Now this is a true story….and I am kind sad it also becoming my story…..
When I was a young married lady…somewhere between 23 and 25 years old, there was this lady who was our neighbor in the flat we lived in. She worked as an accountant in an international NGO in Embu, which is my home….and she was called Leah. She was above 49yrs of age at that time…and I noticed she had very lose teeth…the front ones…probably 2 of them…But she lived alone….She had no visitors, and I dont remember any children coming to visit her. Probably they did when I was not paying much attention but whenever I went to visit her, she was usually alone working….she carried work home. I always wondered if she was lonely or not. If she was single by choice or because she never found a good man to settle down with. And after a few sessions of socialization with her I got to know that she has been married earlier but it did not go well and so she divorced the man.
And (I remember being told by my English teacher never to start a sentence with AND but I will for now)…as I sit here all alone, I remember her. I feel like this is who she was then. I am alone, not dating anyone, not having any perspectives at all….and it scares the shit out of me…(excuse my french). I am who she was then. A single woman of a certain age as my friend Jocelyn likes to call women above 40yrs. I am going to be 42yrs in August and I am concerned whether this status quo will be maintained till my expiry date.
But a relationship is not a pair of stockings you buy off a shelf…….it is not a thing you buy off the mama mboga’s kiosk. Certain things have to happen at the same time for you to even find a man who dares to take interest in you. And I have learned that as I grow older, the less I attract that attention. And I remember when I was undertaking my degree in Psychology, and as we discussed the psychology of aging, it gets more lonely as you grow older because your energy diminishes with time and you become less active and there will come a time when companionship will be very important for sanity’s sake.
So I sit here, watching this movie called..”man on the train”and I see this old man who lets in a stranger, and he lives in this huge house alone..and he talks too much, telling this stranger who talks very little about the days of his youth….and so many emotions come rushing in….and wishing I had a huge house and then I would have a dog or a cat..but then with the latest shocking news of dogs at the coast, I begin to think it would not be a very wise idea rest the neighbors brand me something that I am not….and if I would have a dog, probably I would be less concerned. My other wish was that I could convince God to bring me a great man…that man who would not awaken my fears that I harbor about relationships…definitely remnants of my experience then.
So what am I scare of? What are these little demons I am scared of…..For sure, I would not want a man who would abuse me physically…or emotionally…or financially…or psychologically.
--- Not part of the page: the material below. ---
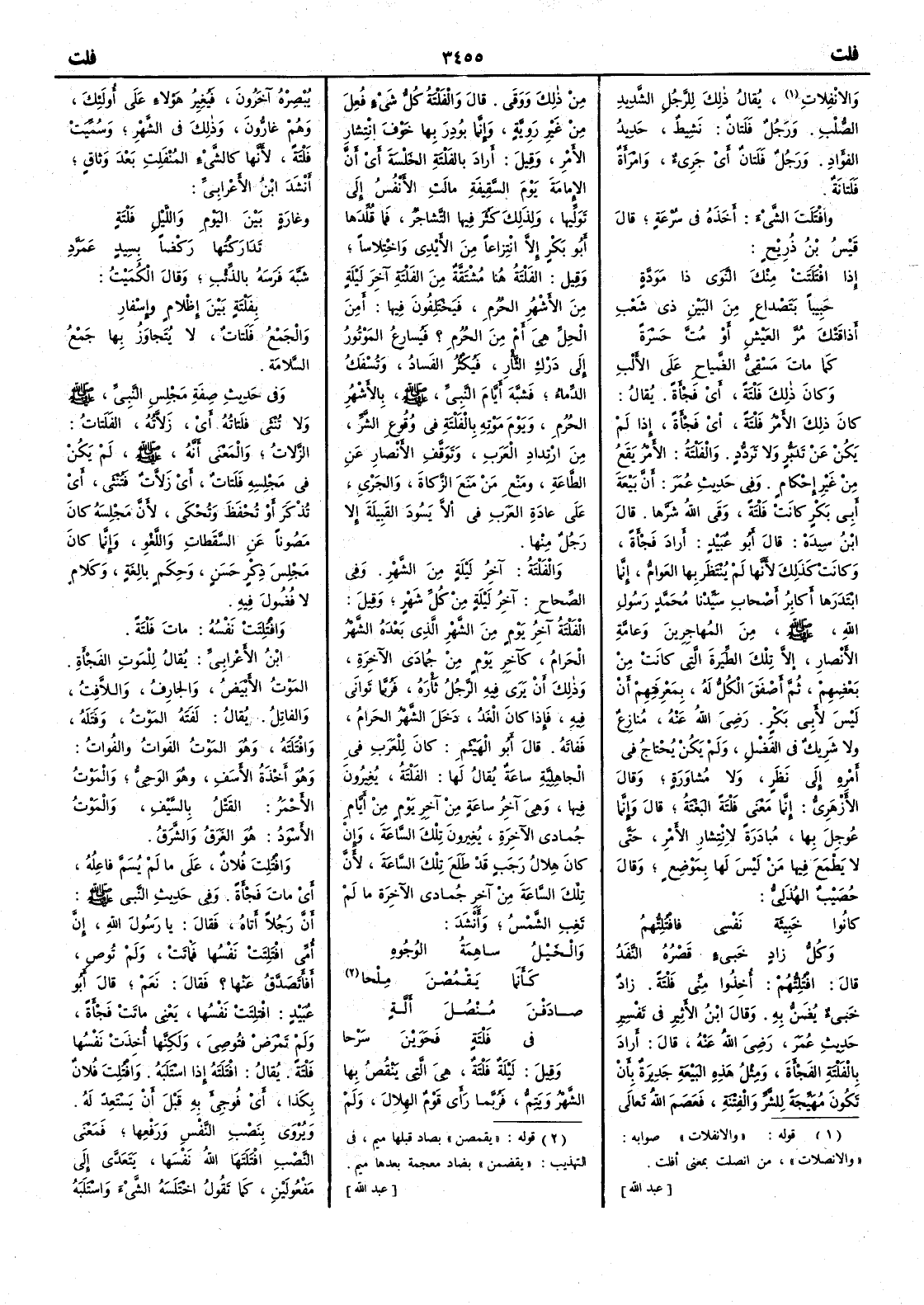 والانْفِلاتِ يقال ذلك للرجل الشديد الصُّلْبِ ورجل فَلَتانٌ نَشِيطٌ حديد الفؤَاد ورجل فَلَتانٌ أَي جريءٌ وامرأَة فَلَتانَةٌ وافْتَلَتَ الشيءَ أَخَذَه في سُرْعة قال قيس ابن ذُرَيْح إِذا افْتَلَتَتْ منك النَّوى ذا مَوَدَّةٍ حَبيباً بتَصْداعٍ من البَيْنِ ذي شَعْبِ أَذاقَتْكَ مُرَّ العَيْشِ أَو مُتَّ حَسْرَةً كما ماتَ مَسْقِيُّ الضَّياحِ على الأَلْب وكان ذلك فَلْتةً أَي فَجْأَة يقال كان ذلك الأَمرُ فَلْتةً أَي فَجأَة إِذا لم يكن عن تَدَبُّر ولا تَرَدُّدٍ والفَلْتة الأَمر يقع من غير إِحكام وفي حديث عمر أَنَّ بيعة أَبي بكر كانت فَلْتةً وَقى اللهُ شَرَّها قال ابن سيده قال أَبو عبيد أَراد فجأَة وكانت كذلك لأَنها لم يُنْتَظَرْ بها العوامُّ إِنما ابْتَدَرَها أَكابرُ أَصحاب سيدنا محمد رسول الله صلى الله عليه وسلم من المهاجرين وعامّة الأَنصار إِلا تلك الطِّيرةَ التي كانت من بعضهم ثم أَصْفَقَ الكلُّ له بمعرفتهم أَن ليس لأَبي بكر رضي الله عنه مُنازع ولا شريك في الفضل ولم يكن يحتاج في أَمره إِلى نظر ولا مُشاورة وقال الأَزهري إِنما معنى فَلْتةً البَغْتَة قال وإِنما عُوجل بها مُبادَرةً لانْتشارِ الأَمر حتى لا يَطْمَعَ فيها من ليس لها بموضع وقال حُصَيبٌ الهُذَليُّ كانوا خَبيئةَ نَفْسي فافْتُلِتُّهمُ وكلُّ زادٍ خَبيءٍ قَصْرُه النَّفَدُ قال افْتُلِتُّهم أُخِذوا مني فَلْتة زادٌ خبيءٌ يُضَنُّ به وقال ابن الأَثير في تفسير حديث عمر رضي الله عنه قال أَراد بالفَلْتةِ الفَجْأَة ومثلُ هذه البَيْعةِ جَديرةٌ بأَن تكونَ مُهَيِّجةً للشرِّ والفِتنة فعَصَم اللهُ تعالى من ذلك ووَقى قال والفَلْتةُ كل شيءٍ فُعِلَ من غير رَوِيَّةٍ وإِنما بوُدِرَ بها خَوْفَ انتشار الأَمر وقيل أَراد بالفَلْتة الخَلْسةَ أَي أَن الإِمامة يوم السَّقيفةِ مالَت الأَنْفُسُ إِلى تَوَلِّيها ولذلك كَثُرَ فيها التشاجُر فما قُلِّدَها أَبو بكر إِلا انْتِزاعاً من الأَيْدي واختِلاساً وقيل الفَلْتَةُ هنا مشتقة من الفَلْتة آخر ليلةٍ من الأَشْهُر الحُرُم فيَخْتَلِفون فيها أَمِنَ الحِلِّ هي أَم من الحَرَم ؟ فيُسارِعُ المَوْتُور إِلى دَرْكِ الثأْر فيكثر الفساد وتُسْفَكُ الدماءُ فشبَّه أَيام النبي صلى الله عليه وسلم بالأَشهر الحرم ويوم موته بالفَلْتة في وُقوع الشَّرّ من ارتداد العرب وتوقف الأَنصار عن الطاعة ومَنْع من منع الزكاة والجَرْي على عادة العرب في أَن لا يَسُودَ القبيلةَ إِلا رجلٌ منها والفَلْتة آخرُ ليلةٍ من الشهر وفي الصحاح آخر ليلة من كل شهر وقيل الفَلْتة آخر يوم من الشهر الذي بعده الشهرُ الحرام كآخر يوم من جُمادى الآخرة وذلك أَن يَرى فيه الرجل ثأْرَه فربما تَوانَى فيه فإِذا كان الغَدُ دَخَلَ الشهرُ الحرامُ ففاتَه قال أَبو الهيثم كان للعرب في الجاهلية ساعة يقال لها الفَلْتة يُغِيرون فيها وهي آخر ساعة من آخر يوم من أَيام جُمادى الآخرة يُغيرون تلك الساعة وإِن كان هلالُ رَجَب قد طَلَع تلك الساعةَ لأَن تلك الساعة من آخر جُمادى الآخرة ما لم تَغِبِ الشَّمسُ وأَنشد والخيلُ ساهِمةُ الوُجُوهِ كأَنما يَقْمُصْنَ مِلْحا صادَفْنَ مُنْصُلَ أَلَّةٍ في فَلْتَةٍ فَحَوَيْنَ سَرْحا وقيل ليلةٌ فَلْتة هي التي يَنْقُصُ بها الشهرُ ويَتم فرما رأَى قومٌ الهلالَ ولم يُبْصِرْه آخرون فيُغِير هؤُلاءِ على أُولئك وهم غارُّونَ وذلك في الشهر وسميت فَلْتةً لأَنها كالشيءِ المُنْفَلِتِ بعد وَثاق أَنشد ابن الأَعرابي وغارة بينَ اليَوْم والليلِ فَلْتَة تَدارَكْتُها رَكْضاً بسِيدٍ عَمَرَّدِ شبه فرسه بالذِّئب وقال الكميت بفَلْتةٍ بين إِظلامٍ وإِسْفار والجمع فَلَتاتٌ لا يُتَجاوَزُ بها جمع السلامة وفي حديث صفةِ مَجْلِس النبي صلى الله عليه وسلم ولا تُنْثى فلَتاتُه أَي زَلاَّتُه الفَلَتاتُ الزَّلاَّتُ والمعنى أَنه صلى اللهُ عليه وسلم لم يكن في مجلسه فَلَتاتٌ أَي زَلاَّتٌ فَتُنْثى أَي تُذْكَرَ أَو تُحْفَظَ وتُحْكى ل

I am scared of such abuse…I would not want to have a man who would cheat on me…I know too well the intensity of betrayal…..and now I love my freedom…am I really sure I would give that up? No….Yet being in a relationship calls for you to give up that control and freedom..and I dont think I am ready to let that go…to me, that would be giving up too much….
So, for all you ladies who are out there…remember, whether we believe it or not..women have a shelf life…..it gets harder and harder to get a hook up as you grow older because, more beautiful and sophisticated ones are born all the time…and men shift their attention from you to the younger and sophisticated women…and all you are left to choose from, and that is if you are lucky to get that opportunity….is a widower or a divorcee…or a “utahama lini”kind of man…….Some may call me a bitter old woman but well…been there done that…and besides..this is just my thoughts…it is not necessarily the gospel truth…..
I rest my fingers…..and I wish you all the love that you deserve.